Night settled fully over the Swordsmith Village, heavy and watchful.
The moon hung low, pale and sharp, its light fractured by drifting smoke from the forges that never truly slept. Patrol routes shifted in silence. Guards moved with disciplined urgency, but beneath their composure lay an unease that could not be drilled away. Everyone felt it now.
Something had changed.
Karina stood alone at the edge of the eastern watch platform, cloak drawn close, Arcane Breathing reduced to its lowest operational hum. Her senses were extended far beyond the physical boundaries of the village, probing for distortions, fluctuations, anything that did not belong.
Gyokko had not withdrawn.
He had repositioned.
That realization tightened something inside her chest—not fear, but calculation under pressure. Gyokko was adapting faster than anticipated. More troubling still, Muzan's attention had not faded after its brief brush earlier that day. It lingered like a distant gravitational pull, subtle but oppressive.

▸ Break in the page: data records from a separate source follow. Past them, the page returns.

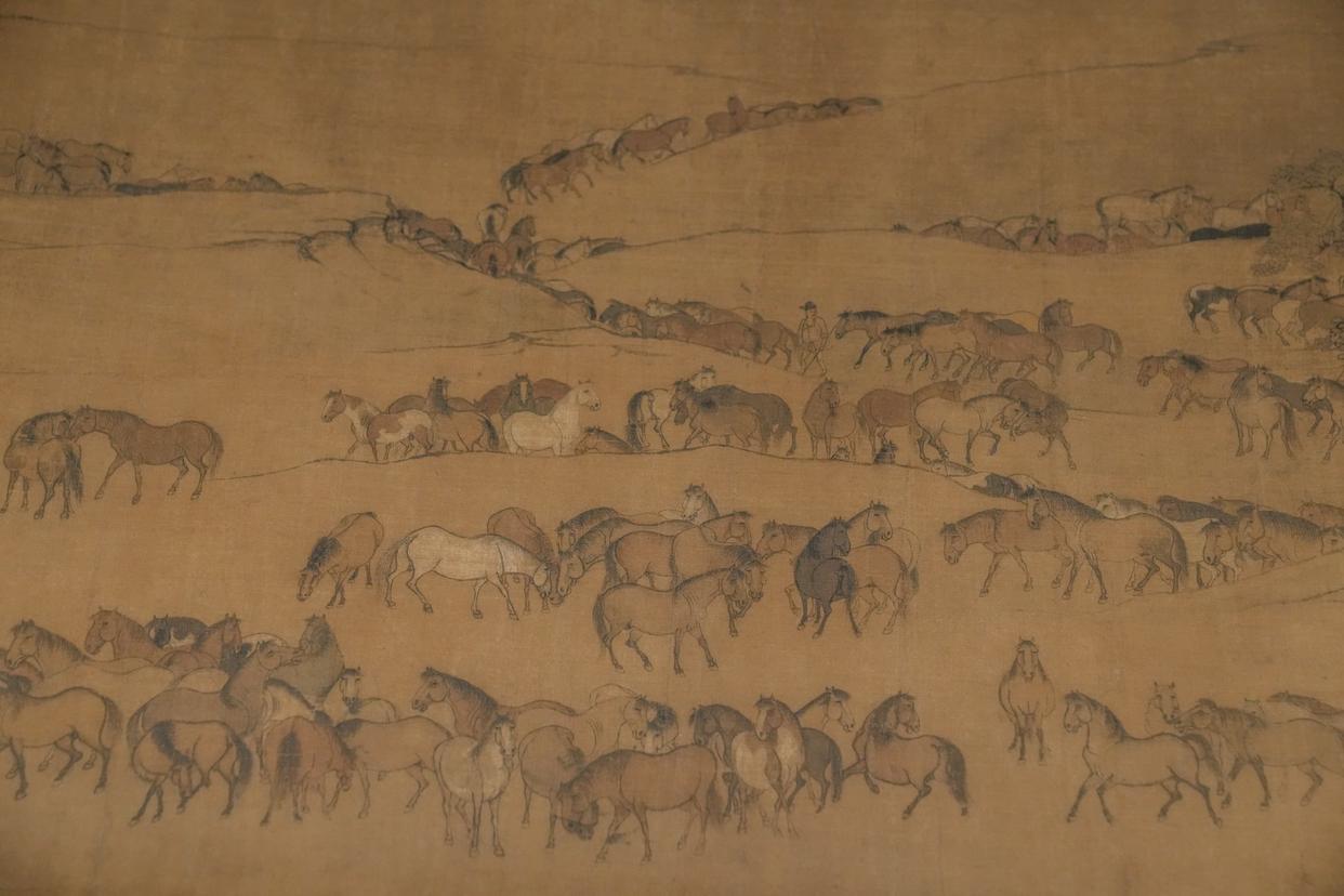 “神骏:故宫书画艺术中的马世界”展览展出的唐人(传)《百马图》局部。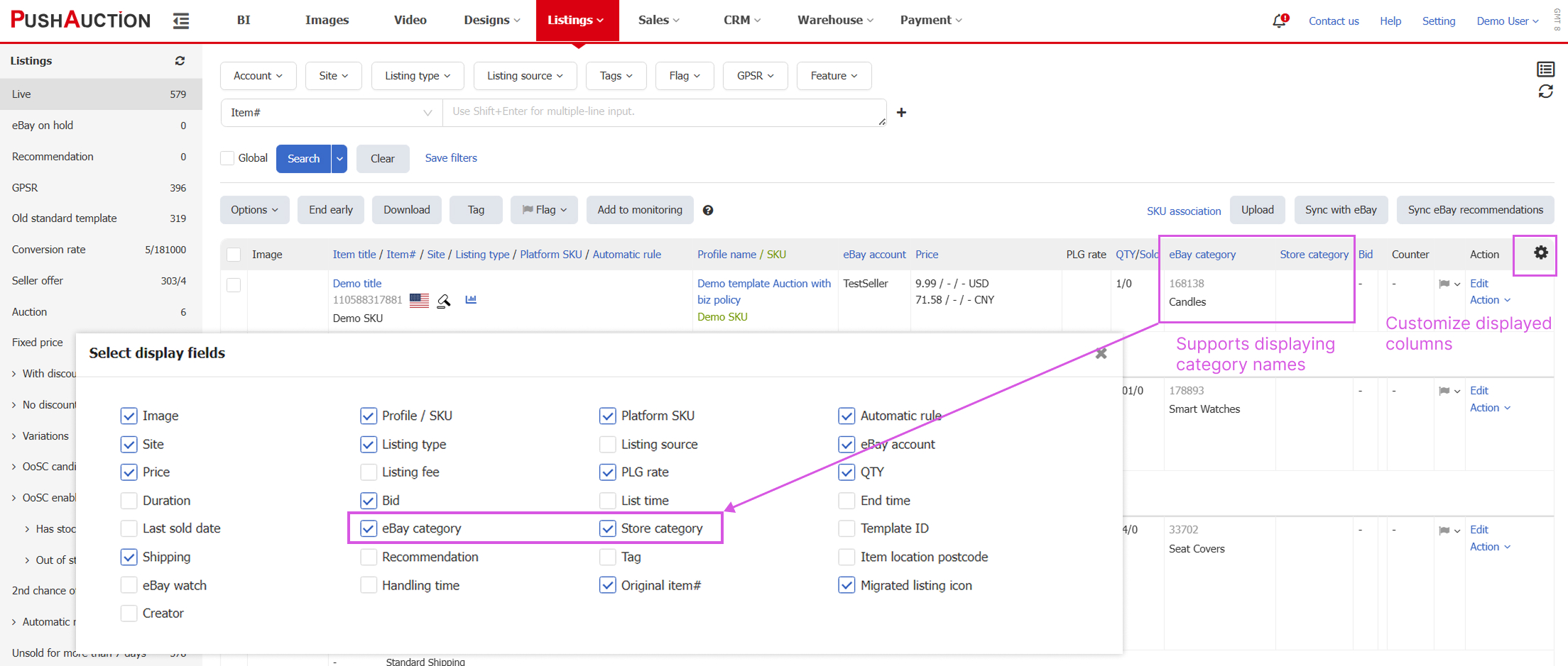 - Custom Columns on Profile and Listing Pages Now Support Displaying eBay Category Names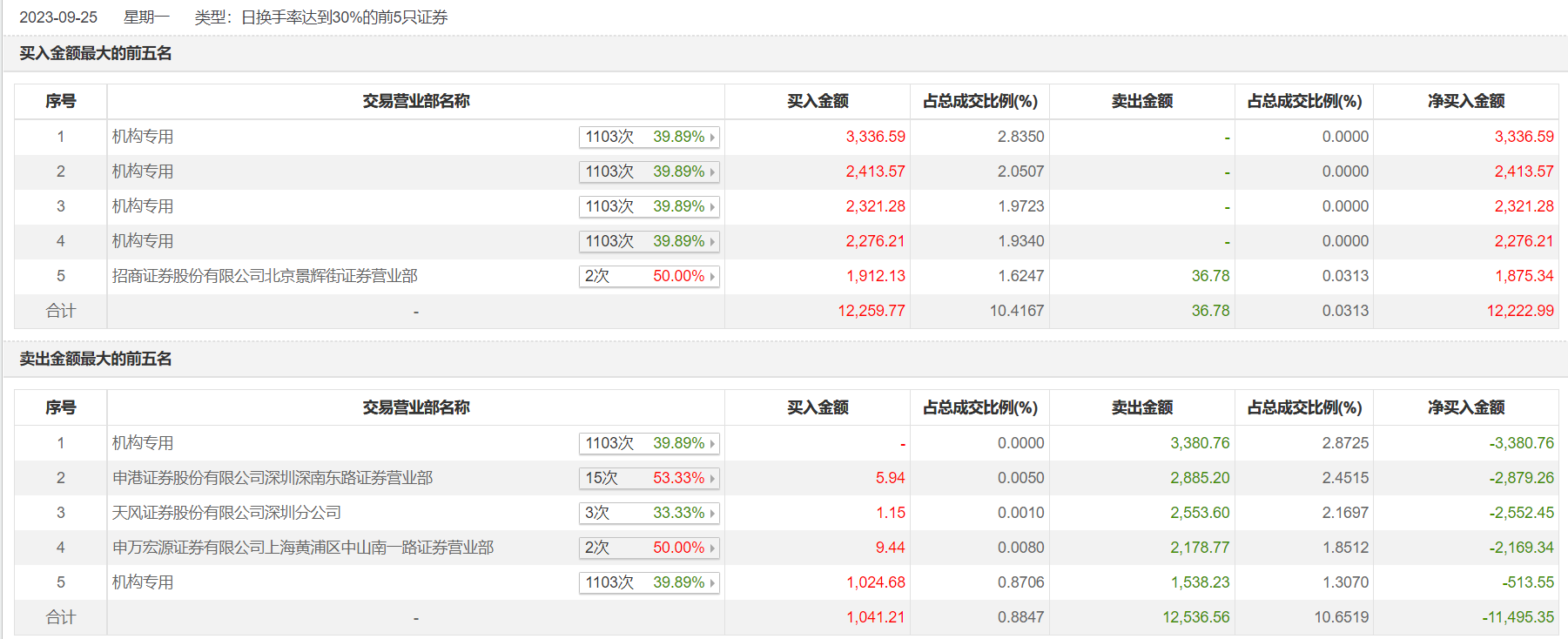 具体来看,机构买入1.14亿元,卖出4918.98万元,合计净买入6453.34万元。此外,招商证券北京景辉街证券营业部、申万宏源证券有限公司上海黄浦区中山南一路证券营业部分别买入1912.13万元、9.44万元;申港证券深圳深南东路证券营业部、天风证券深圳分公司分别卖出2885.20万元、2553.60万元。

"You're overextending again."
Mitsuri's voice came from behind her, gentle but firm. Karina had sensed her approach long before the words, yet she did not turn.
"I am maintaining perimeter awareness," Karina replied.
"And exhausting yourself," Mitsuri countered, stepping beside her. She leaned lightly against the railing, close enough that Karina could feel the warmth radiating from her even through the cool night air. "You haven't rested since the probe."
"Rest is inefficient during escalation phases."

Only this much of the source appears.